GOAL OF THE EXERCISE:
Begin the copy at the line containing "Arcades installées Square" in the data below and end it at the line containing "패션 디자이너로는 처음으로", keeping each line exact and leaving out pictures.

[Records contained in a dataset]
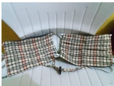
Gambar 7. Sampel produk masker
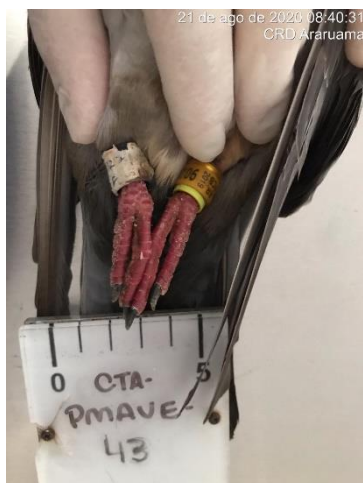
Figura 1.5 – Animal anilhado (Errata ID: CTA-PMAVE-PERENCO-04).
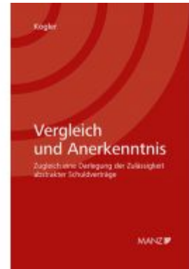
Vergleich und Anerkenntnis Ladenpreis: 84,00 EUR
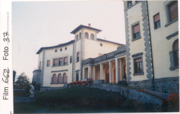
Film 662. Foto 37
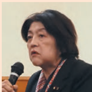
衆議院議員 大河原雅子 殿

祝賀式典には多くのご来賓より、 心のこもったご祝辞を頂戴しました ありがとうございました
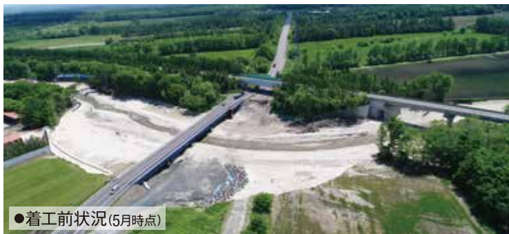
●着工前状況(5月時点)
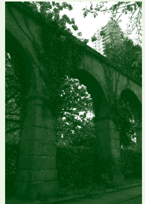
Arcades installées Square Guy Houist / Bourg L'Évêque
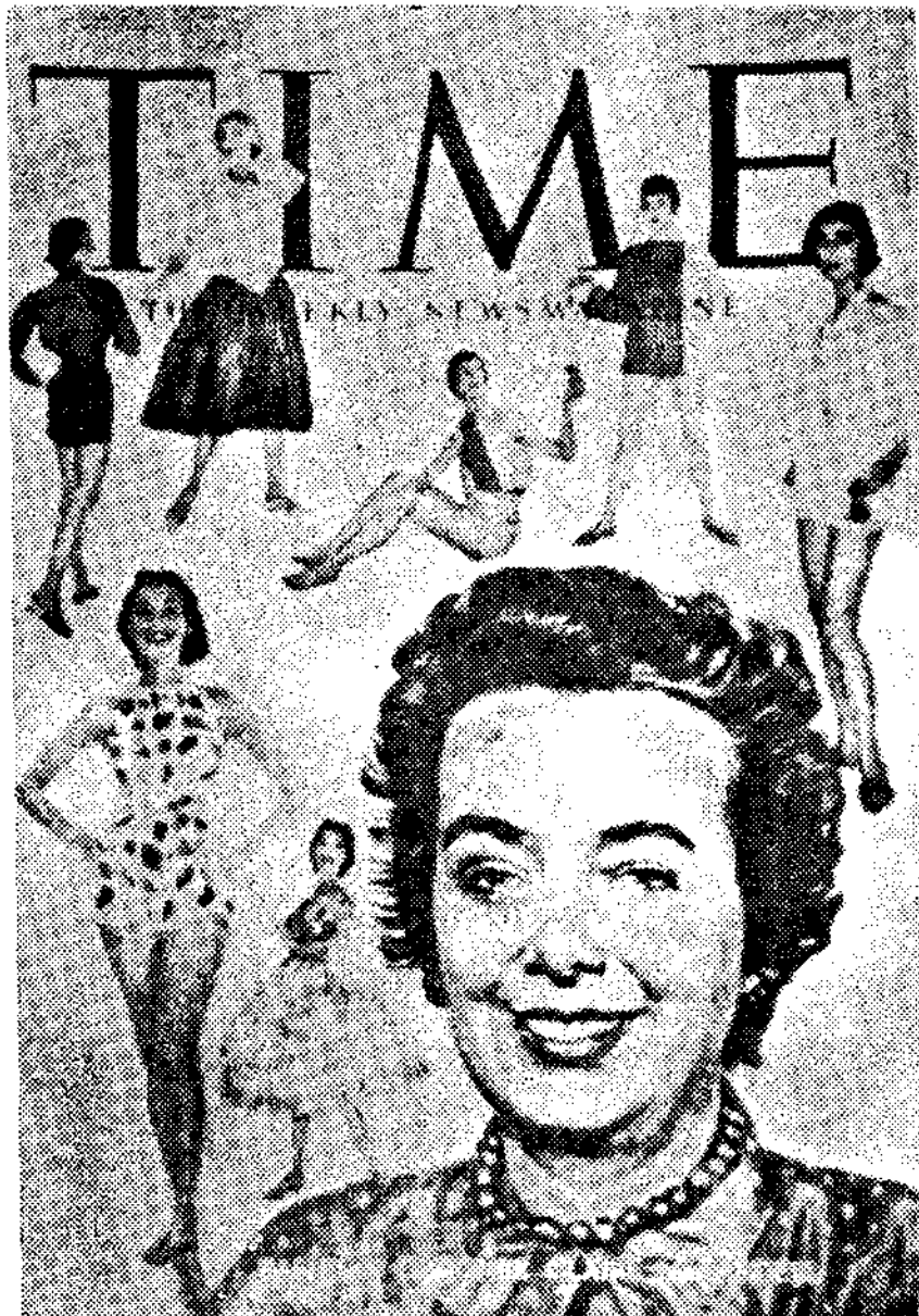
<그림5> 1955. 5의 'Time'지 표지 Claire McCardell의 소개

패션 디자이너로는 처음으로 1955년, Time지가 표지모델(Cover personalities)로 채택, 그녀의 옷과 작품 세계를 자세히 묘사하고 그녀가 미국 패션산업에 미친 영향과 업적을 극찬하기도 했다. 34) (그림 5)
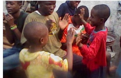
Activités culturelles le ballet, les sports (le Karaté ), le dessin, les jeux
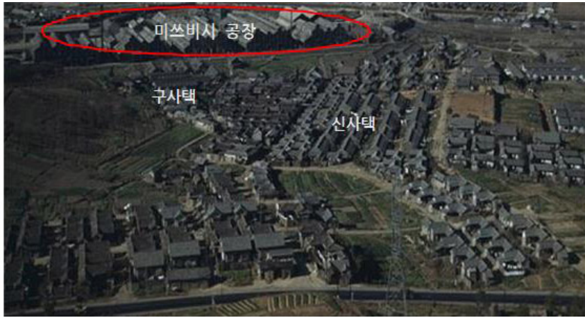
1948년 마을 모습

이 회사는 1948년 이후 전 세계적으로 다양한 산업 분야에 진출하며 글로벌 리더로 자리매김했습니다. 이 회사는 2002년 이후에는 전 세계적으로 다양한 산업 분야에 진출하며 글로벌 리더로 자리매김했습니다.

EXPECTED ANSWER:
Arcades installées Square Guy Houist / Bourg L'Évêque
<그림5> 1955. 5의 'Time'지 표지 Claire McCardell의 소개

패션 디자이너로는 처음으로 1955년, Time지가 표지모델(Cover personalities)로 채택, 그녀의 옷과 작품 세계를 자세히 묘사하고 그녀가 미국 패션산업에 미친 영향과 업적을 극찬하기도 했다. 34) (그림 5)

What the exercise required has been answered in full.